For this person re-identification task, I grouped detection IDs into exactly 5 clusters, each representing a unique individual. To achieve this, I first normalized and reduce the dimensionality of the feature vectors from the detections. This preprocessing step helps to improve performance of the clustering by simplifying the data and ensures consistent feature scales. Next, I’ll use a Gaussian Mixture Model (GMM) for the initial clustering, as it’s effective at capturing complex patterns and overlapping clusters. And to evaluate the predicted clusters I wrote a custom evaluation technique to verify our predictions with true labels.

In [1]:
import json
import numpy as np
from sklearn.preprocessing import StandardScaler
from sklearn.decomposition import PCA
from sklearn.mixture import GaussianMixture


In [2]:
# Load the detection data from the JSON file
with open('final_detections.json', 'r') as f:
    detections = json.load(f)
    

In [3]:
# Extract features and detection IDs
features = []
detection_ids = []

for det in detections:
    features.append(det['feature'])
    detection_ids.append(det['detection_id'])

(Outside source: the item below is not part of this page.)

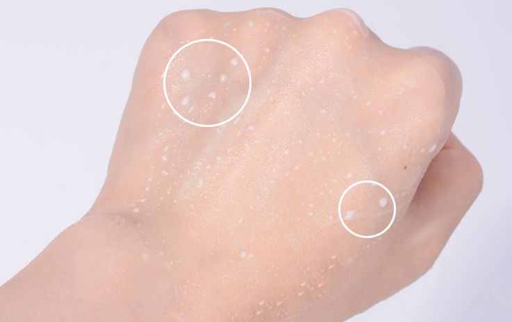 抹在手上幾秒后,就會(huì)爆出細(xì)密的水珠,再抹兩下就被皮膚完全吸收了,雙手像是喝飽了水,潤(rùn)潤(rùn)的!

features = np.array(features)
features


array([[-0.01484233, -0.05363799, -0.05816172, ..., -0.00557502,
        -0.03075798, -0.00266532],
       [-0.03776949, -0.02715539, -0.03124019, ..., -0.02639771,
        -0.02372385, -0.01186128],
       [-0.01462968, -0.02831179, -0.0522408 , ..., -0.00551042,
        -0.04961643, -0.00492361],
       ...,
       [ 0.01070334,  0.00016948, -0.047523  , ..., -0.03672916,
        -0.04369174, -0.00983843],
       [ 0.01693735,  0.0021647 , -0.05257468, ..., -0.04102672,
        -0.04835961, -0.01173849],
       [ 0.01585637, -0.00551623, -0.05567126, ..., -0.03639167,
        -0.04980672, -0.00640311]])

In [4]:
# Step 3: Normalize the features
scaler = StandardScaler()
features = scaler.fit_transform(features)
features


array([[ 0.57868783, -0.57985488, -1.52276282, ...,  0.90700305,
        -0.65727432, -0.00303677],
       [-0.29531476,  0.84781311, -0.11710985, ..., -0.06168926,
        -0.32965385, -0.36456722],
       [ 0.58679419,  0.78547182, -1.21361385, ...,  0.91000819,
        -1.53562211, -0.09181942],
       ...,
       [ 1.55250989,  2.32088789, -0.9672839 , ..., -0.54231892,
        -1.25967481, -0.2850407 ],
       [ 1.79015538,  2.4284497 , -1.23104705, ..., -0.74224566,
        -1.4770847 , -0.35973994],
       [ 1.7489475 ,  2.01437325, -1.39272829, ..., -0.52661842,
        -1.54448492, -0.14998462]])

In [5]:
# Dimensionality Reduction with PCA
pca = PCA(n_components=256)  # Reduce to 256 dimensions for better clustering performance
features = pca.fit_transform(features)
features.shape


(11000, 256)

In [6]:
# Perform clustering with Gaussian Mixture Models
# Since we have data of 5 persons, setting num_clusters to 5
num_clusters = 5
gmm = GaussianMixture(n_components=num_clusters, random_state=0)
labels = gmm.fit_predict(features)
labels


array([1, 3, 1, ..., 3, 3, 3])

In [7]:
# Post-processing to ensure exactly 5 clusters
# Map cluster labels to detection IDs
clusters = {i: [] for i in range(num_clusters)}
for i, label in enumerate(labels):
    clusters[label].append(detection_ids[i])


In [8]:
# Prepare output in the format required
prediction = list(clusters.values())

# Step 7: Save the prediction results to a JSON file
with open('prediction.json', 'w') as f:
    json.dump(prediction, f, indent=4)


## Inspection of labels.json

In [9]:
# Load the sample data (assuming you have loaded it already)
with open('labels.json') as f:
    true_labels = json.load(f)

In [10]:
[len(sub_l) for sub_l in true_labels]

[113, 90, 113, 112, 132]

### In the detections data, there are 11000 detections and the task is to group all the similar person's detections, but in the labels.json file there were only 560 detections totally. I assume you gave a partial data for evaluation.

In [11]:
print(true_labels[1])

[567, 447, 567, 2260, 2503, 2508, 2743, 2748, 2979, 2984, 3184, 3188, 3376, 3607, 4924, 5135, 5141, 5301, 5306, 5461, 5465, 5636, 5642, 7749, 8192, 8335, 332, 677, 792, 1210, 1816, 2036, 2038, 2263, 2268, 2500, 3372, 3612, 3867, 3871, 4116, 4711, 4930, 5839, 6004, 6541, 7626, 7850, 7943, 8055, 8056, 795, 912, 915, 1050, 1818, 1598, 1396, 1390, 2043, 4108, 6160, 6332, 8495, 8497, 8653, 1054, 1605, 8194, 1214, 1823, 8337, 7484, 8781, 8923, 8650, 9066, 8778, 5138, 6865, 6534, 2975, 6534, 2740, 2740, 6325, 5833, 5833, 8919, 8919]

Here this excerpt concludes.